June 24, 2026
Benchmarks, but make it messy
Why eval startups fail (2025)
The market is tiny, the hype is huge, and the comments are already roasting it
TLDR: The article says startups that sell AI model scorecards usually fail because the experts leave, the customer base is tiny, and the tests become easy to game. Commenters turned that into a roast, ranging from "What’s an eval?" confusion to debates over whether tool companies should actually be the winners.
A spicy new essay arguing that "eval startups"—companies trying to sell scorecards for which artificial intelligence model is best—almost always crash has unleashed exactly the kind of internet reaction you’d expect: confusion, cynicism, and a few gloriously petty dunks. The author’s case is blunt: the smartest people who can build these testing systems usually leave for flashier, richer jobs; the customer pool is weirdly narrow; and the minute a benchmark matters, big model makers start optimizing for it until the score stops meaning much. In plain English: the business dies because the talent leaves, the buyers are scarce, and the tests get gamed.

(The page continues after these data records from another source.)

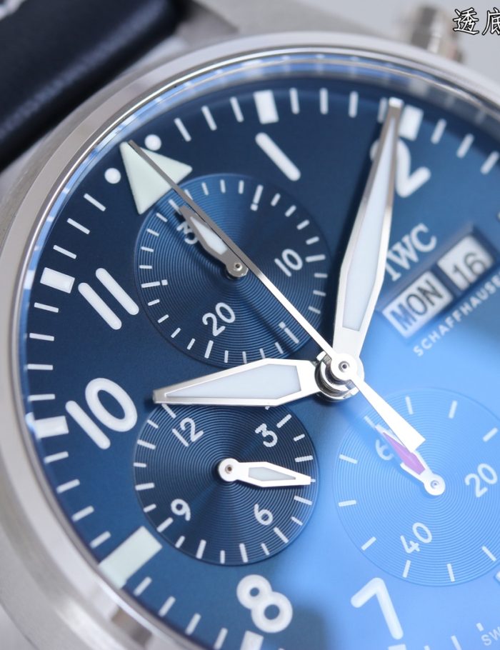 The IWC Pilot Chronograph blends aviation-inspired style with modern precision. Featuring a striking blue dial and robust stainless steel case, this watch is both elegant and durable. With a dark leather strap featuring white stitching, it pairs sophistication with comfort. Ideal for professionals and enthusiasts alike, this timepiece offers both functionality with its chronograph features and timeless appeal for everyday wear.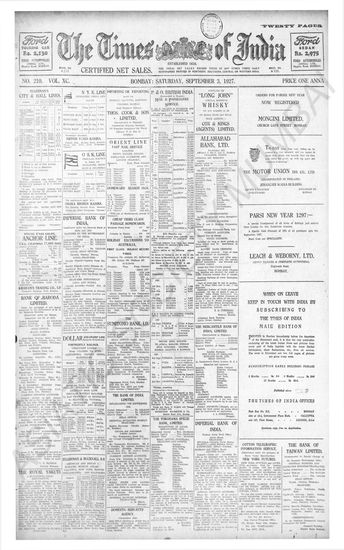 Times of India, September 03, 1927.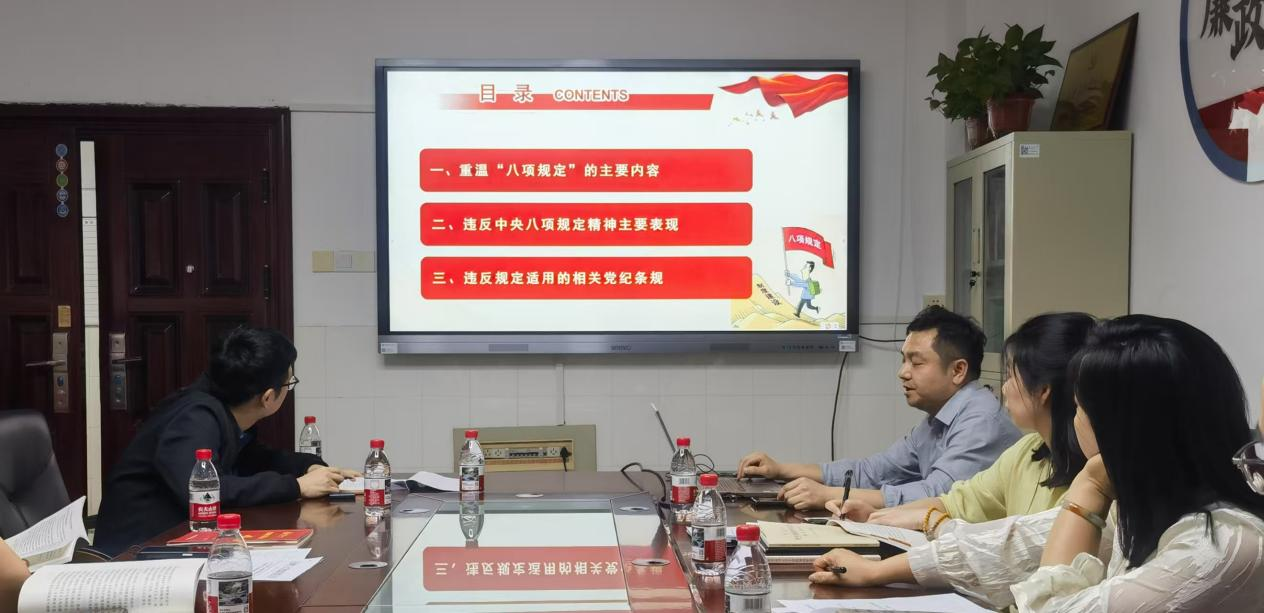 熊鹰首先带领大家共同学习了《习近平关于加强党的作风建设论述摘编》中“中央八项规定是改进作风的切入口和动员令,是长期有效的铁规矩、硬杠杠”篇章中的内容,传达了深入贯彻中央八项规定精神学习教育相关文件精神,并从“‘八项规定’的主要内容”“违反中央八项规定精神主要表现”“违反规定适用的相关党纪条规”等方面作了专题学习辅导,阐述了这次学习教育的重要意义和具体内容,对学院开展学习教育提出了要求。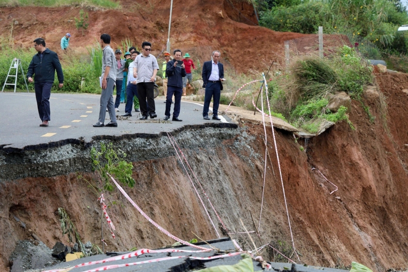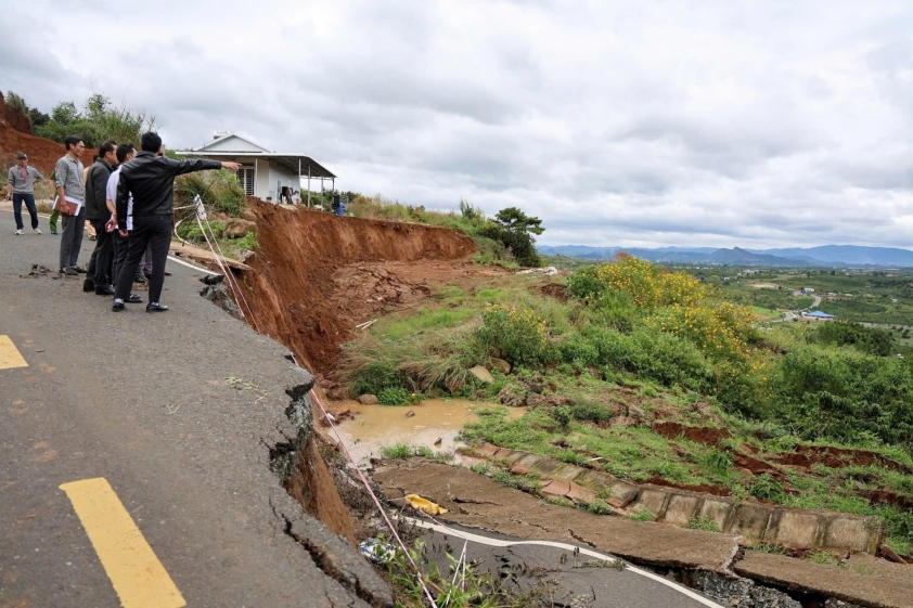 Tại Lâm Đồng, mưa lớn diện rộng đã gây sạt lở nhiều nơi. Tuyến đường từ xã Đan Phượng đi Tân Thành (nay thuộc xã Tân Hà, huyện Lâm Hà) bị nứt gãy kéo dài hơn 500 m, nền đường sụt sâu hơn 1 m khiến toàn tuyến bị chia cắt. Hệ thống rọ đá, mương thoát nước xô lệch, tiềm ẩn nguy cơ mất an toàn.
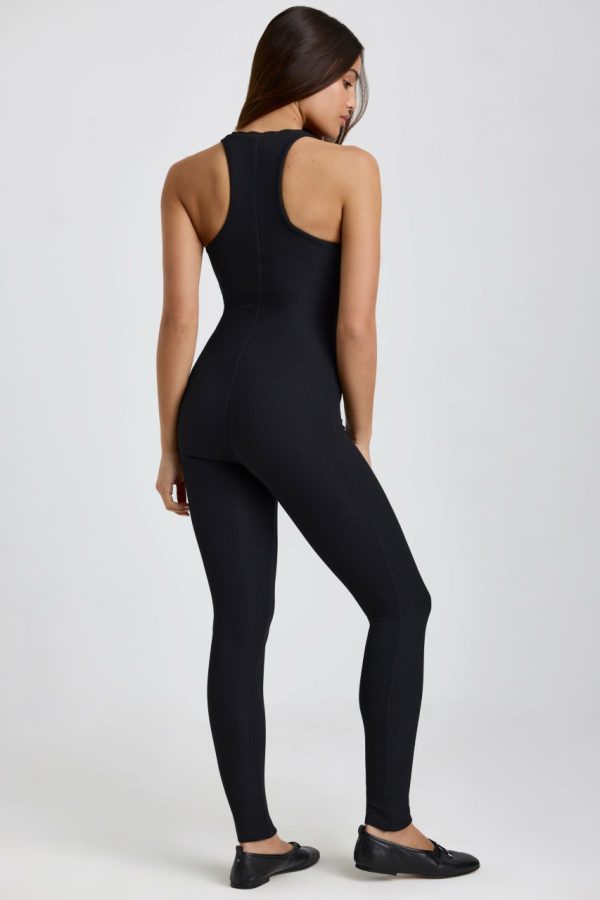 Oh Polly Women’s TENCEL™ Modal Ribbed Jumpsuit – Square Neck Bodycon Jumpsuit with Long Sleeves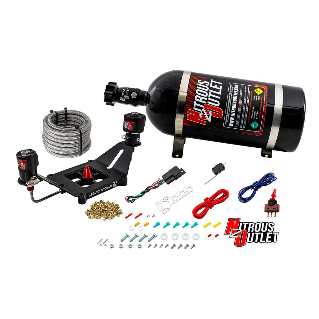 Nitrous Outlet Stinger Plate nitrous oxide systems feature a second generation Stinger plate designed to work with either 4150 or 4500 flanged carbureted-style intake manifolds. The new billet aluminum Stinger plate has a larger conical cone than the previous version and is based off of the same technology as the Nitrous Outlet Nitrous Puck, enabling them to delivering up to 600 hp with proper jetting. The plate features 15 discharge ports for nitrous and 15 discharge ports for fuel. The 15 atomized plumes of nitrous and fuel exit from the center of the stinger into the intake plenum in a 360 degree pattern, completely saturating the air intake charge as it enters the intake plenum for even distribution. Nitrous Outlet Stinger Plate nitrous oxide systems include nitrous and fuel solenoids, solenoid brackets, a main feed line, relay, harness, jetting, hardware, and wiring.Brand: Nitrous Outlet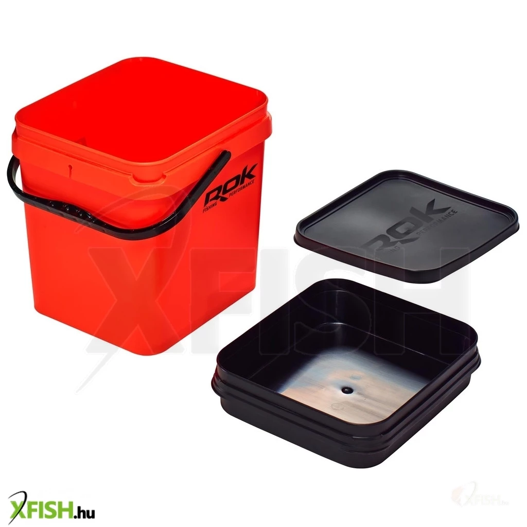 Rok Fishing Square Bucket 17 literes kocka vödör + 4 literes betét + tető Narancssárga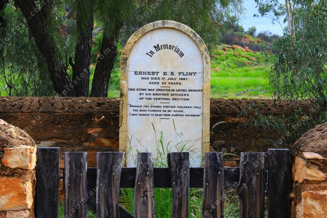HEADSTONE: Ebenezer Flint was the first of five people to be buried at the Alice Springs Telegraph Station’s cemetery. (PIC: PHIL WILLIAMS 538804_03)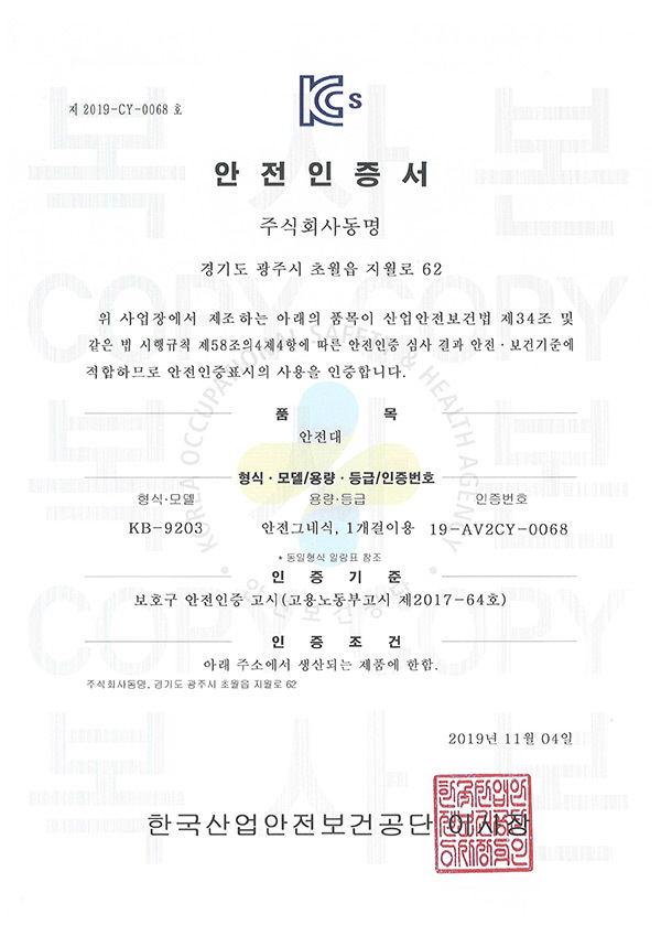 K2 안전벨트 KB-9203, KB-9203(Y 인증서
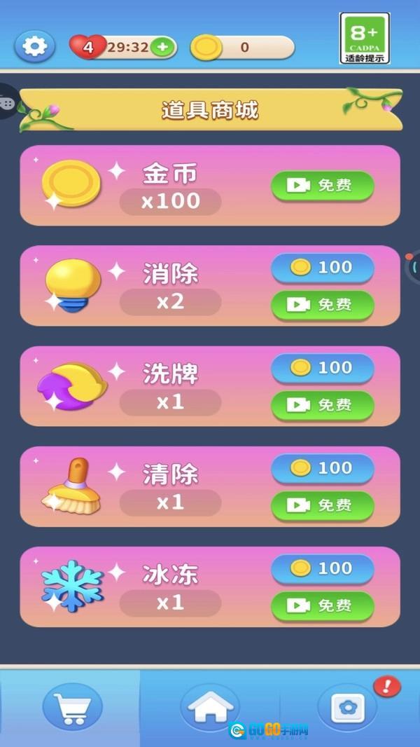 3.道具的灵活运用:当牌面呈现混乱状态,或者无法再进行配对操作时,借助洗牌、提示、清除之类的道具,能够助力你重新找回节奏,从而突破当前的难关。

But the real show is in the comments. One user, theteapot, delivered the accidental mic-drop of the thread: “What’s an eval?” That one line practically became the unofficial mascot of the article’s argument—if people have to ask what the product is, maybe that’s the problem. Others went full philosopher, with bitlad shrugging, “Everything eventually fails,” as if the startup graveyard needed its own fortune cookie. Then came the sharper business takes: GL26 argued these companies are selling information that goes stale too slowly to be truly valuable, unlike fast-moving financial data. Still, not everyone was ready to bury the category. jdw64 pushed back, pointing out that in software history, the real money often went to the toolmakers, not the app builders. And then there was the driest laugh in the room: wseqyrku simply replying “Aha” to the claim that there just aren’t enough customers. Brutal, minimalist, iconic.
Key Points
- •The article says independent AI eval startups have rarely succeeded, with safety evals described as the main exception.
- •It argues that people capable of building strong evals often move into post-training or application development because those areas offer higher payoffs and more influence.
- •The article states that creating good evals requires capabilities such as high-quality data collection through human feedback pipelines or synthetic data generation.
- •It cites an example of three researchers leaving Epoch AI evaluation roles to start a company focused on post-training tools for agents.
- •The article argues that the addressable customer base for eval startups is narrow because advanced developers can run their own evals, while less technical buyers usually want complete solutions instead of benchmark analysis.